In Rio they stay in an Airbnb. They miss the act of cooking together, even though they never did it anywhere else but Fillory, and cooking in Fillory was so much cooking as it was throwing things in a cauldron and heating it up over a fire. It’s nice to have a home just for them, even if they’re happy to stay in the penthouse until they find the perfect place. It’s a strange thing for them – any domesticity is. Both new and old. Exciting but familiar. Borrowed, like the old saying goes.

They drink coffee in the mornings and afternoons, and caipirinhas in the evening, which, as it turns out, can vary in taste depending on how much you pay or how generous the person in feeling. Quentin likes it to be just shy of a tangy lemonade, but Eliot likes it stronger, with lots of alcohol and not much sugar. Each time they accompany it with desserts made with chocolate and condensed milk, and it’s all perfect.
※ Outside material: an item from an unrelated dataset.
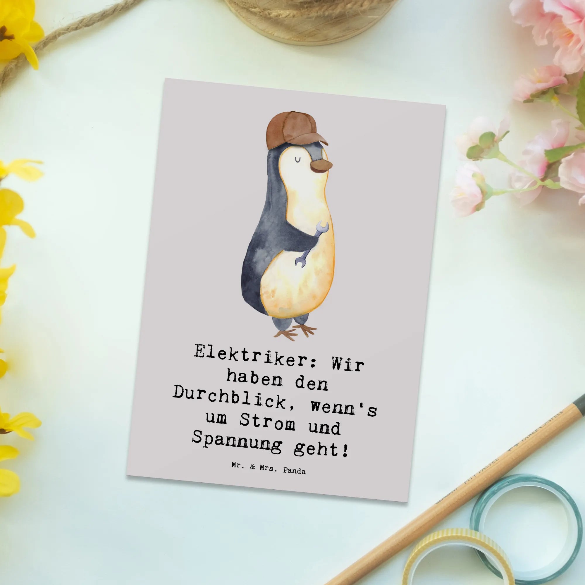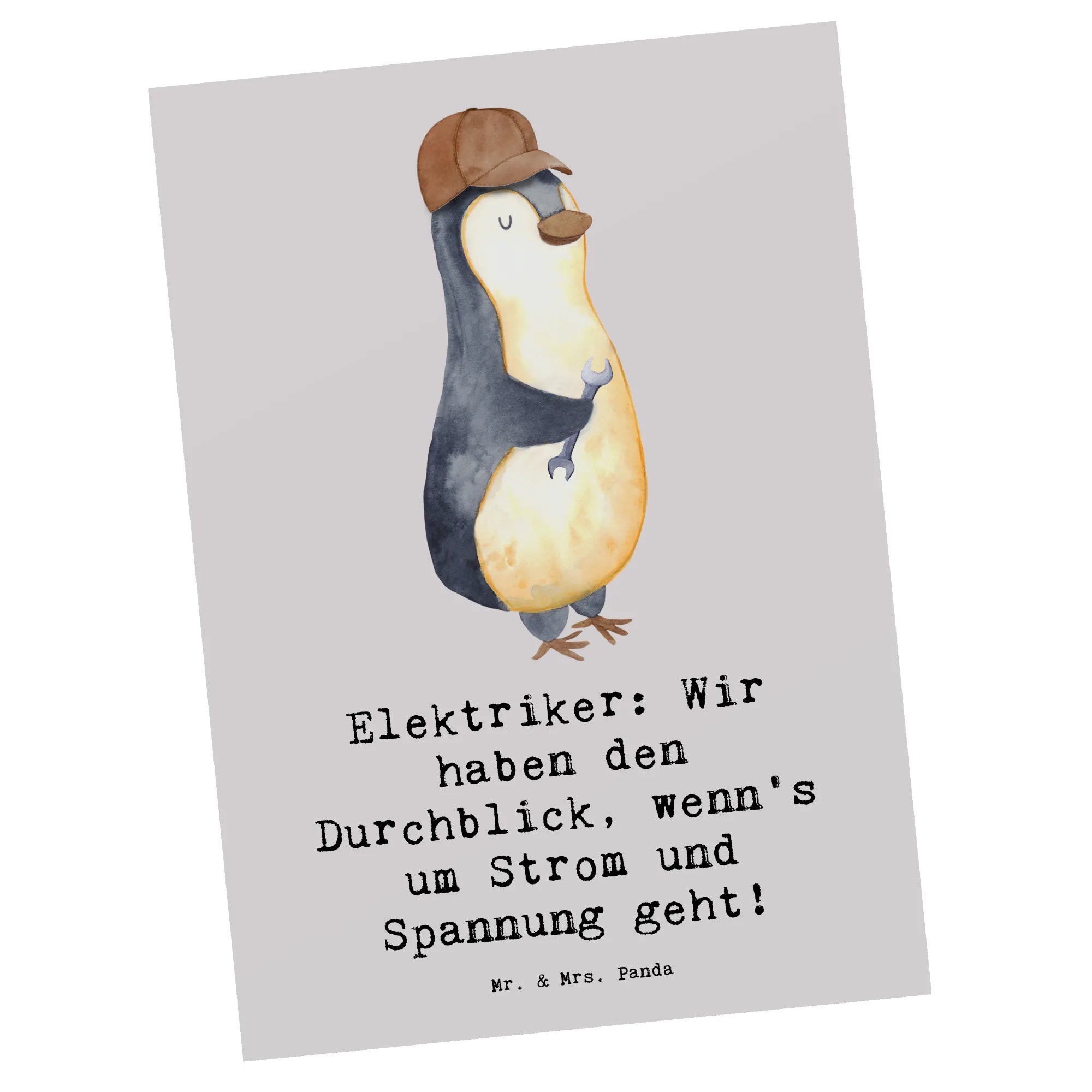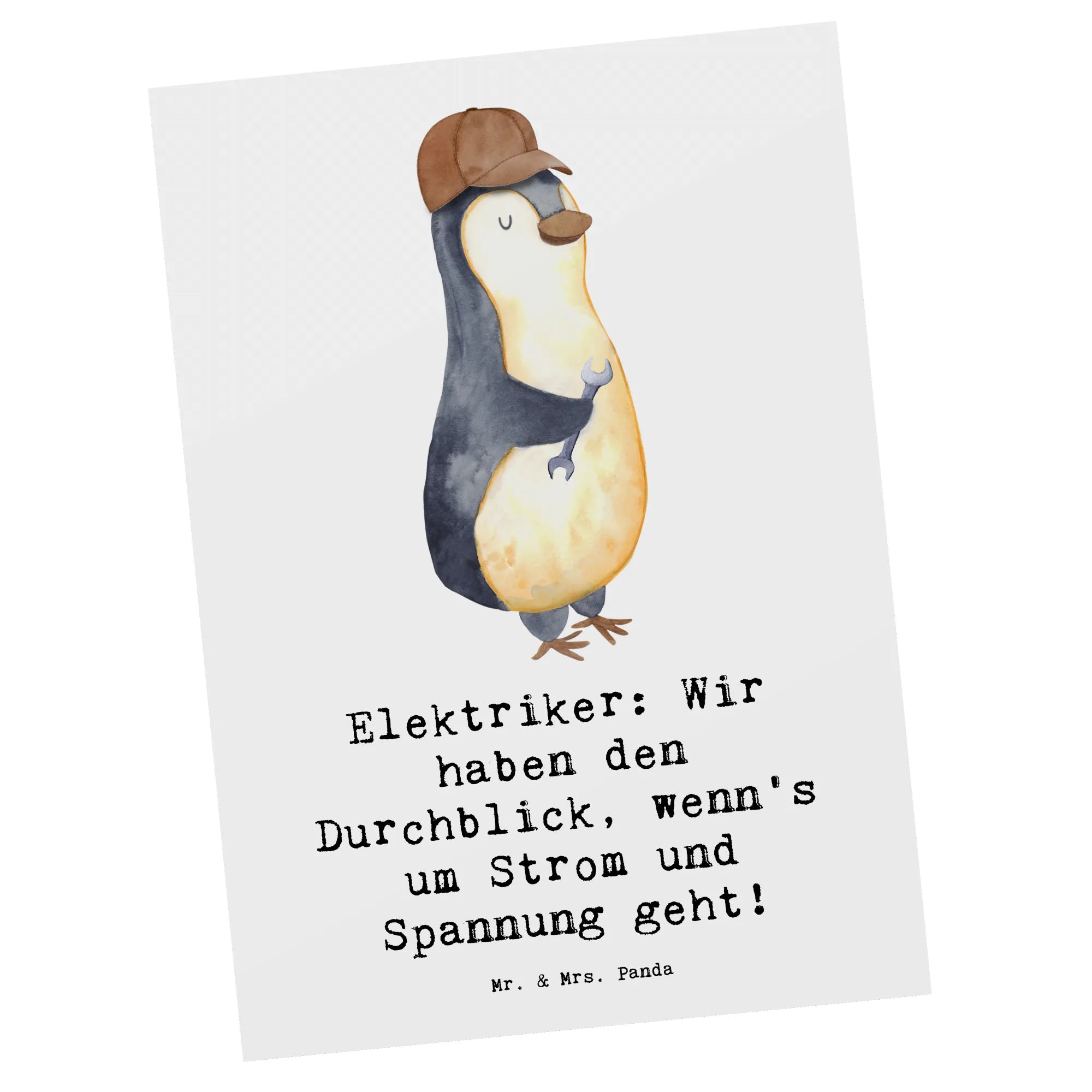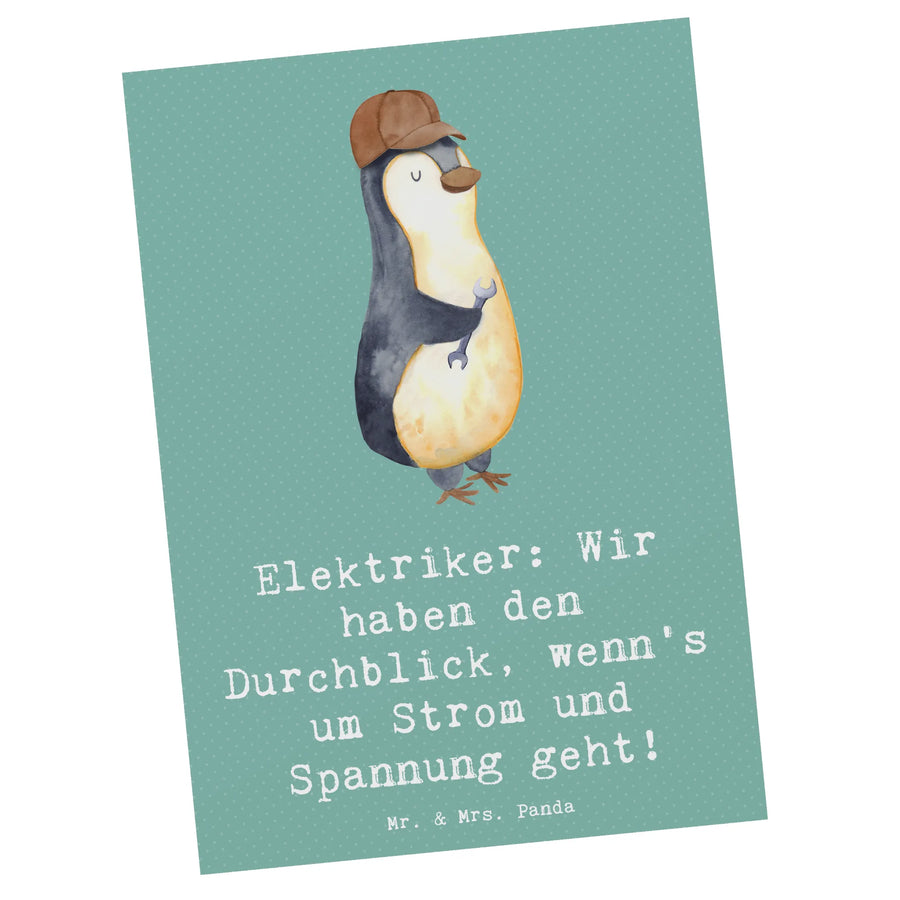 Die Postkarte "Elektriker: Wir haben den Durchblick, wenn's um Strom und Spannung geht!" aus der bezaubernden Berufe-Kollektion von Mr. & Mrs. Panda ist das perfekte Geschenk für jeden Elektriker oder jemand, der mit Elektrizität arbeitet.

The street of the flat has a _feira_ every Tuesday, so they buy fresh legumes and bring them back along with fish and potatoes. Eliot takes the reins, like he did in Fillory, but Quentin was always an excellent chopper. He enjoys the passive, methodical nature of it. He enjoys Eliot singing along to his Taylor Swift playlist, absentmindedly, just from having heard Quentin play it so much during their vacation.

They roast all of it together with fresh herbs and a ton of olive oil, then swirl balsamic vinegar on it once it’s out of the oven. There’s a little table, which Eliot sets a magic candle on – one that’ll never burn out, or set fire to anything if it tips over (a fair preventative measure when Quentin Coldwater is your husband).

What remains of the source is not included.